# Activity
Set down the data below from its first line to the line holding "3,、再点击头像一下,选择从相册中选择图片上传为头像。", inclusive; omit all pictures.

# Raw data

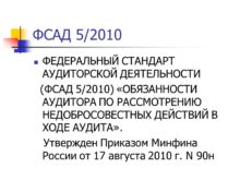ФСАД 5/2010 ФЕДЕРАЛЬНЫЙ СТАНДАРТ АУДИТОРСКОЙ ДЕЯТЕЛЬНОСТИ (ФСАД 5/2010)
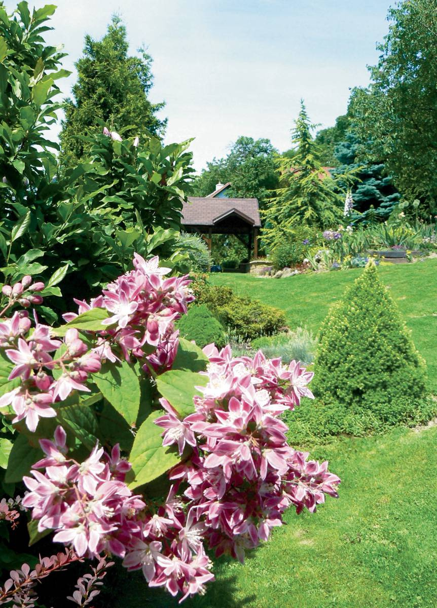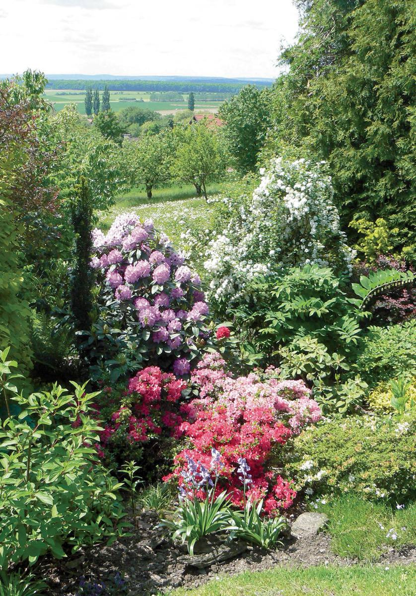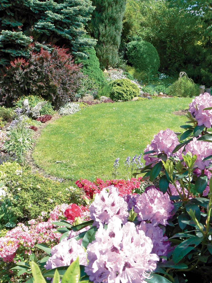 Od sousedů je zahrada oddělena tújemi a také skupinou rododendronů a azalek.
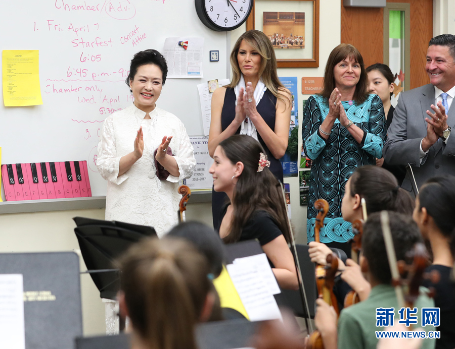 彭麗媛抵達(dá)時,梅拉尼婭和棕櫚灘郡學(xué)區(qū)長阿沃莎、巴克藝術(shù)中學(xué)校長羅贊基等在停車處熱情迎接。彭麗媛先后參觀了聲樂教室、交響樂隊(duì)教室、弦樂教室,欣賞學(xué)生演唱和樂隊(duì)表演,并同學(xué)生們親切互動交流。隨后,彭麗媛觀摩了時政經(jīng)濟(jì)課,回答了學(xué)校小記者關(guān)于“你和藝術(shù)的淵源”的提問,并接受了學(xué)生自己創(chuàng)作的水彩畫。彭麗媛表示,中美兩國可以加強(qiáng)藝術(shù)交流合作。希望巴克藝術(shù)中學(xué)的老師和同學(xué)們以教育和藝術(shù)為橋梁,為增進(jìn)中美兩國人民友好、推動兩國關(guān)系發(fā)展作出更多貢獻(xiàn)。
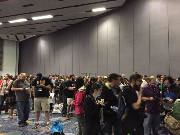 现场玩家正在有序排队,等待进入杜比大剧院
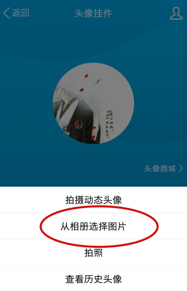 3,、再点击头像一下,选择从相册中选择图片上传为头像。
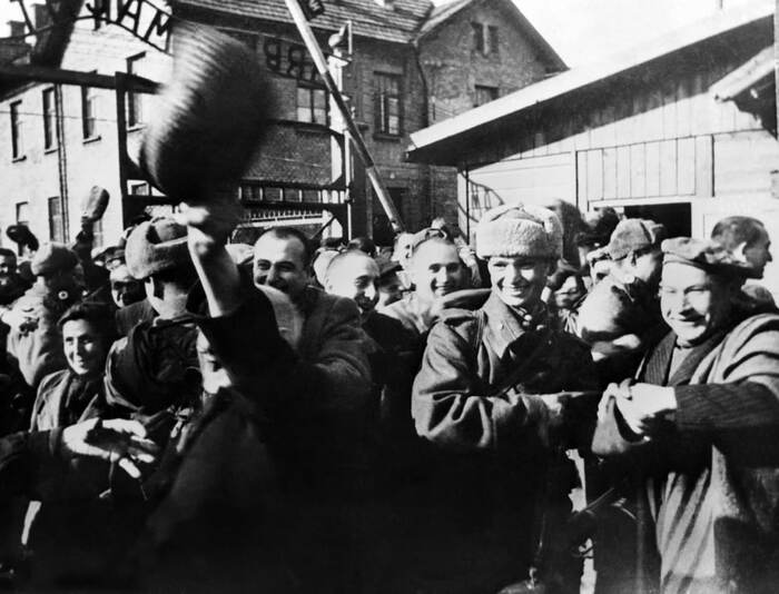 Заключенные концлагеря Освенцим (Аушвиц 1) приветствуют своих освободителей – солдат Красной Армии, 27 января 1945 года
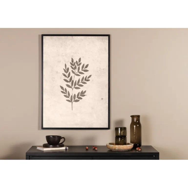 En print med beige prikket baggrund i jordfarver med et print bladmønster i brun. Hvis du elsker at dekorere hjemligt og tidløst lige så meget som vi gør, er denne plakat virkelig noget for dig. Kombiner med andre abstrakte prints eller med foto-kunst for at sammensætte din perfekte malerivæg! Dimensioner: 70×100 cm.
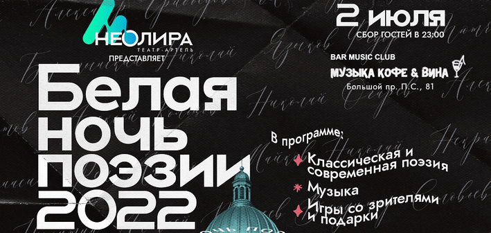 В Санкт-Петербурге впервые проведут «Белую ночь поэзии». Ее организатором является театр-артель «НеоЛира». Мероприятие состоится 2 июля 2022 года в Санкт-Петербурге. С 23.00 и до самого утра поэты будут читать гостям самые известные стихи российских и зарубежных авторов.
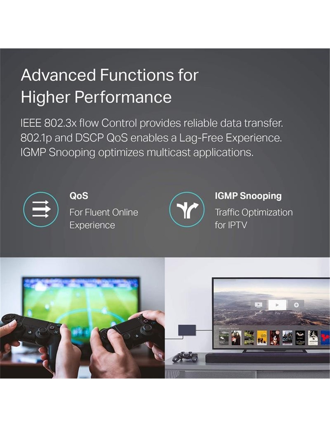 - Optimización de tráfico. 802.1p y DSCP QoS permiten un tráfico suave sensible a la latencia, como voz y video, e IGMP Snooping optimiza el flujo de datos de multidifusión.
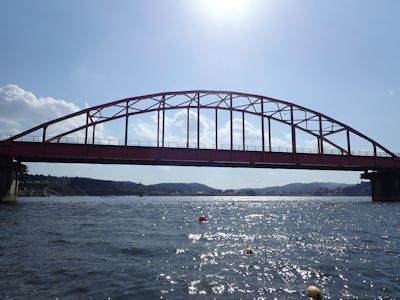 しばらく歩くと、右の斜面下に巨大な湖が見えてくる。三島湖である。赤い橋が架かっているのが見える。
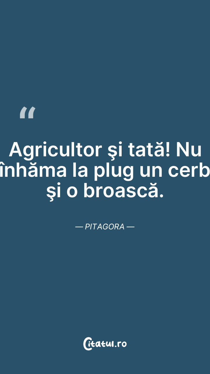 Agricultor şi tată! Nu înhăma la plug un cerb şi o broască. Pitagora
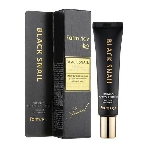 FarmStay Black Snail Premium Rolling Eye Serum – gaivinantis paakių serumas su sraigių gleivėmis, sukurtas mažinti raukšleles ir suteikti odai aplink akis jaunatvišką spindesį. Gelinė tekstūra greitai susigeria, o rutulinis aplikatorius suteikia masažą ir skatina geresnį produkto įsisavinimą.
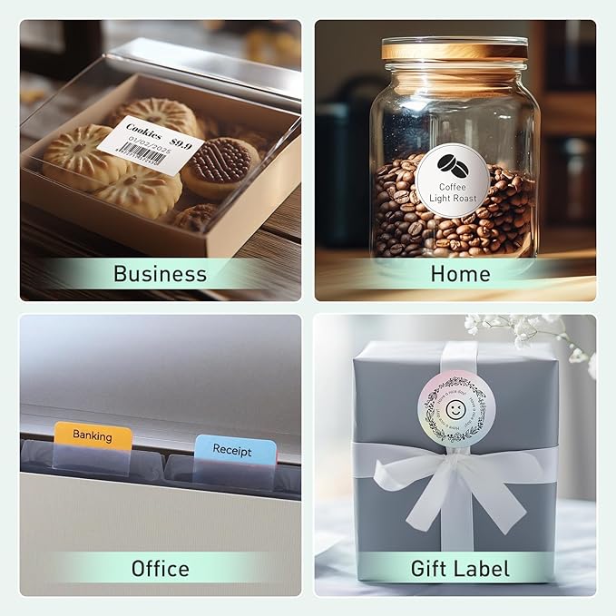 - Wide Uses: The SUPVAN T50M Plus label maker prints 3/4'' - 2'' wide labels, perfect for small businesses (price tags, barcodes, delivery addresses, etc.), home organization (spice jars, storage boxes, kitchen labels, etc.), and office uses (file folders, name tags, document classification, etc.)
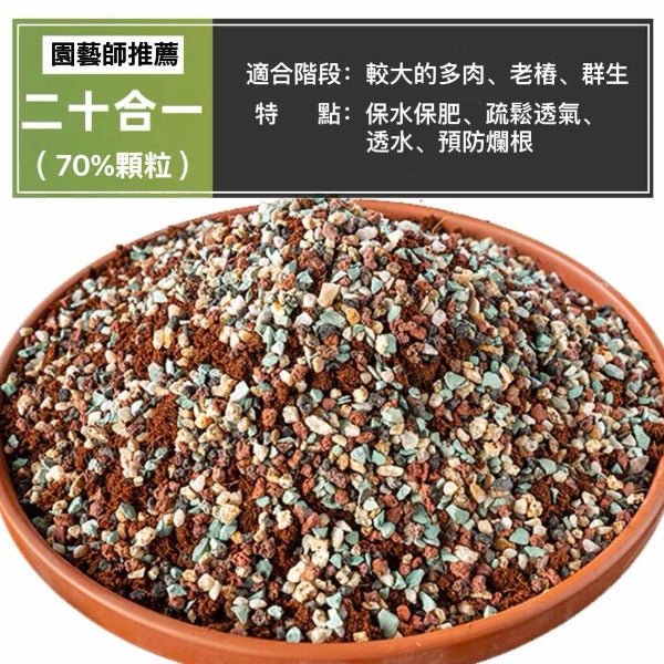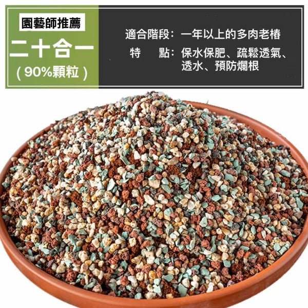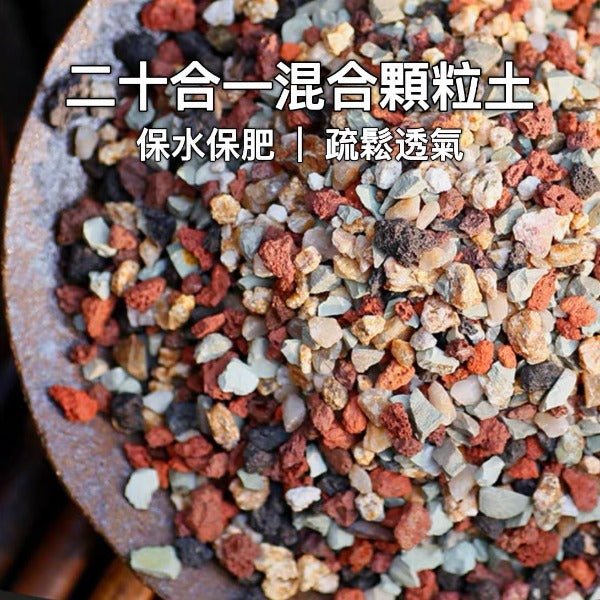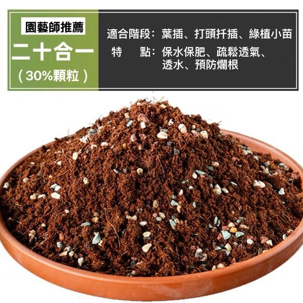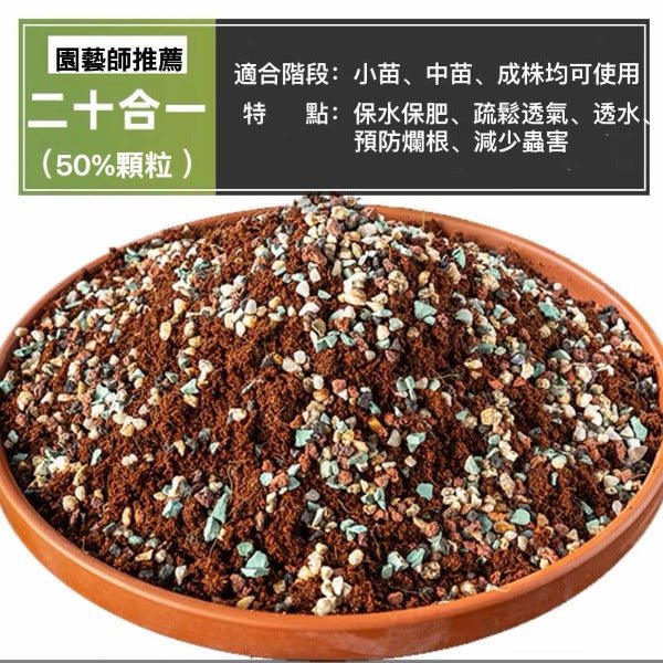 這款顆粒土用20種介質根據園藝師多年的種植經驗根據不同時期的植物用不同比例的配方混合而成。保水保肥、疏鬆透氣。非常有效地減低了積水導致爛根以及土壤蟲害的發生。
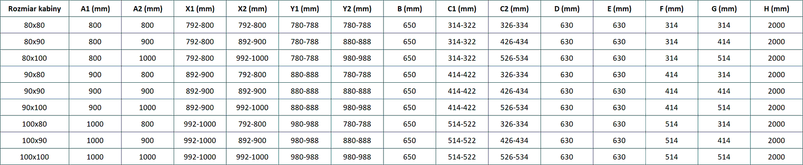 Dušo kabinos, durys ir sienelės yra standartiškai pritaikytos montuoti ant nustatytų matmenų dušo padėklų. Būtent šie matmenys nurodomi gaminio pavadinime arba aprašyme. Tačiau atkreipkite dėmesį, kad faktiniai elementų matmenys gali šiek tiek skirtis nuo vardinių verčių. Planuojant montuoti tiesiai ant grindų, rekomenduojama atidžiai patikrinti išorinius matmenis ir elementų išdėstymą pagal techninį brėžinį.

# Exercise response
ФСАД 5/2010 ФЕДЕРАЛЬНЫЙ СТАНДАРТ АУДИТОРСКОЙ ДЕЯТЕЛЬНОСТИ (ФСАД 5/2010)
 Od sousedů je zahrada oddělena tújemi a také skupinou rododendronů a azalek.
 彭麗媛抵達(dá)時,梅拉尼婭和棕櫚灘郡學(xué)區(qū)長阿沃莎、巴克藝術(shù)中學(xué)校長羅贊基等在停車處熱情迎接。彭麗媛先后參觀了聲樂教室、交響樂隊(duì)教室、弦樂教室,欣賞學(xué)生演唱和樂隊(duì)表演,并同學(xué)生們親切互動交流。隨后,彭麗媛觀摩了時政經(jīng)濟(jì)課,回答了學(xué)校小記者關(guān)于“你和藝術(shù)的淵源”的提問,并接受了學(xué)生自己創(chuàng)作的水彩畫。彭麗媛表示,中美兩國可以加強(qiáng)藝術(shù)交流合作。希望巴克藝術(shù)中學(xué)的老師和同學(xué)們以教育和藝術(shù)為橋梁,為增進(jìn)中美兩國人民友好、推動兩國關(guān)系發(fā)展作出更多貢獻(xiàn)。
 现场玩家正在有序排队,等待进入杜比大剧院
 3,、再点击头像一下,选择从相册中选择图片上传为头像。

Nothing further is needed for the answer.